In this lab, we are going to focus on loading our data about baseball players into a database. Why use a database instead of files? Conceptually, we do this when we want to enforce rules on the structure of the data so that issues of cleanliness, inconsistency and missing data are identified prior to our attempts to do analysis. 

Database management systems provide well defined structure for data. They also have the advantage of giving us standard mechanisms for extracting data: "Structured Query Language", or "SQL. If  you have not used SQL before, it will require a little adjustment. Once you are familiar with it, however, you will find SQL intuitive and portable.

As you learned in the previous lab, Data Carpentry is often required to transform your messy data into a useable structure. 

Data Carpentry is a fancier, more elegant term for "Data Janitorial" work. Most of us would rather be carpenters than janitors. If you spend any time around children, you recognize that life *requires* more janitorial work than carpentry. And so it is with data science. But carpentry *sounds* [1] better, so we're going to use that [2]. 

Using a database allows you to store your transformed and cleaned data into a reusable, structured, and semantically labelled format.

You can then access this data in the future using structured query language (SQL). 

## Procedure

1. Inspect data, develop semantically structured data storage (i.e., database schema)
2. Develop data transformations, cleaning, and re-organizations
3. Push data into the database

__NOTE:__ A quick review of the *Database and SQL Bootcamp* may be useful at this time.
In JupyterHub, this was deployed for you as **BC-SQL**.

----

## Inspect

For this lab, we are going to use relatively clean data that is in nice comma separated values (CSV) format.
Typically, the data requires data carpentry activities, but for the sake of a more simple collection of samples and discussion we are going to start with easy data.

To work with our data files we are going to use Pandas and Numpy

[1]: https://www.youtube.com/watch?v=pMRUszqMVM8 "Replacements: Waitress in the Sky Song"
[2]: http://www.azlyrics.com/lyrics/replacements/waitressinthesky.html "Replacements: Waitress in the Sky Lyrics"

In [None]:
import pandas as pd
import numpy as np
players = pd.read_csv('../../../datasets/baseball-databank/data/Master.csv')
teams = pd.read_csv('../../../datasets/baseball-databank/data/Teams.csv')
batting = pd.read_csv('../../../datasets/baseball-databank/data/Batting.csv')

__No Output Expected__

Now we have loaded our three files into the variables: *players*, *teams*, and *batting*.
Each of these variables is a Pandas **dataframe**.
As you have often done before, we can preview the data with the *head()* method called on the **dataframe** variable.

In [None]:
players.head()

In [None]:
teams.head()

In [None]:
batting.head()

----
As we can see, the CSV files are tabluar data files. 
Note, in each case the tables cannot fit within the display and the *ellipse* (...) is used to denote columns that are removed from the display.
Do you recall how to view the columns of a dataframe?
Like all things python, there are a few ways to do this.
We will just use the list function to inspect the dataframe.

In [None]:
list(players)

We get to see all the columns of the dataframe this way

__Your Turn__  
In the cell below, add code to list the columns of the teams and batting

In [None]:
## Add your code in this cell





### We know the columns... now what?

## Database Design

Now that we know the columns, we need to contemplate how we will use a database to structure the data.
Recall from your previous database knowledge, or the bootcamp, that a relational database is an organized set of __tables__ (aka *Relations*).

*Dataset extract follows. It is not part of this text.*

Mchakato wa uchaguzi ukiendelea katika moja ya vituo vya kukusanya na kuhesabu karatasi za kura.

Recall that __tables__ are a structured set of columns with semantic meaning, a particular data type, and constraints on validity.
We are assuming that you have a little domain knowledge in Baseball to interpret the semantics of these column labels.
For example, the *batting* column *RBI* we can expect to be *Runs Batted In*.

#### REVIEW : SQL : Create Table
```SQL
CREATE TABLE table_name (
  col_a_name col_a_datatype, 
  col_b_name col_b_datatype, 
  col_c_name col_c_datatype, 
  ...
  PRIMARY KEY(list_of_columns)
);
```
**REFERENCE LINK** [SQLite Create Table](https://www.sqlite.org/lang_createtable.html)

### Column Data Types

Databases support very rigid data typing, however SQLite permits looser *type affiinty* based on storage classes.
From the SQLite documentation: 
```
Each column in an SQLite 3 database is assigned one of the following type affinities:
    TEXT
    NUMERIC
    INTEGER
    REAL
    BLOB
```

For this exercise, we will limit our storage columns to one of:
 1. **TEXT** - Character strings
 2. **INTEGER** - whole numbers, no decimal places
 3. **REAL** - floating point numbers with decimal places


**REFERENCE LINK** [SQLite Column Data Types](https://www.sqlite.org/datatype3.html)

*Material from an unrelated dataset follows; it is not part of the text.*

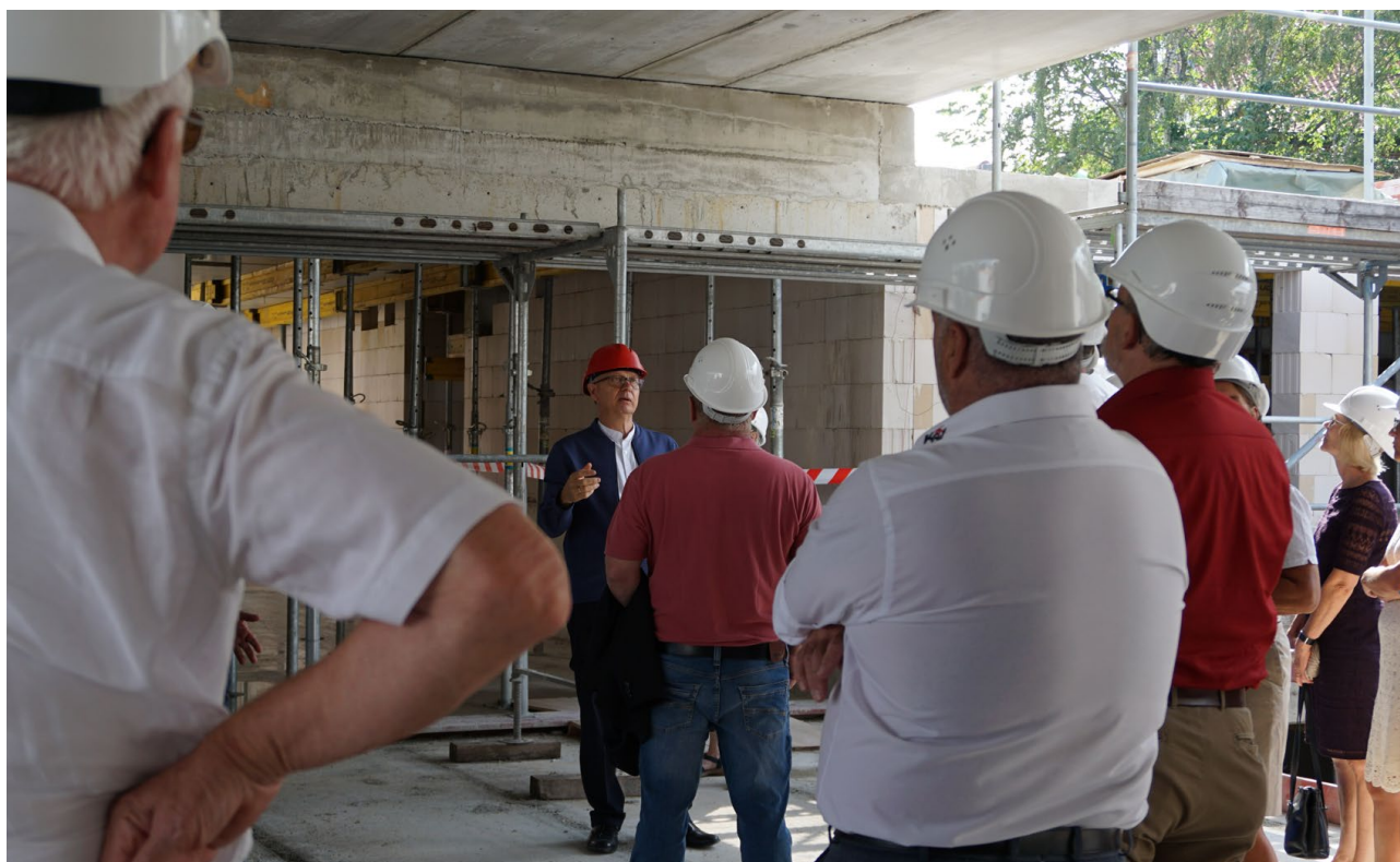
Abbildung 6: Baustellenführung beim Richtfest

So, how can we exam in a programmatic way the data types as interpreted by Pandas?  
Recall that a dataframe provides column access via __dataframe__[*column_name*], and the column is an object that holds a list of values and the data type.

In [None]:
# dtype is the Data Type of the column that is referenced by name in the square brackets
players['birthYear'].dtype

We see that bithYear is a floating point number, which above we refer to as a **REAL**

Since we have python at our fingertips... lets programmatically inspect the colunms and data types

In [None]:
# Remember above, the list command did an inspection and 
# got a list of column names in the data frame!
for columnName in list(players):
    print("Column {} is a {}".format(columnName, players[columnName].dtype))


The output above should look similar to:
```
Column playerID is a object
Column birthYear is a float64
...
Column bbrefID is a object
```

The **object** datatype we will interpret as **TEXT** for the data base.
Scroll back up to when we previewed the data files, does this seem reasonable?  
Let us check, just to be sure

In [None]:
players['playerID'].head()

Seems OK!
You should typically check every column that you are going to load into the database.

Once you are ready to create a table, we can write the create table statement:

```SQL
CREATE TABLE players (
  playerID TEXT,
  birthYear REAL,
  ...
);
```

Can we automate this for a generic CSV to SQL Table?

----

This segment of code shows the use of Python to automate the generation of SQL Create table from a Pandas dataframe.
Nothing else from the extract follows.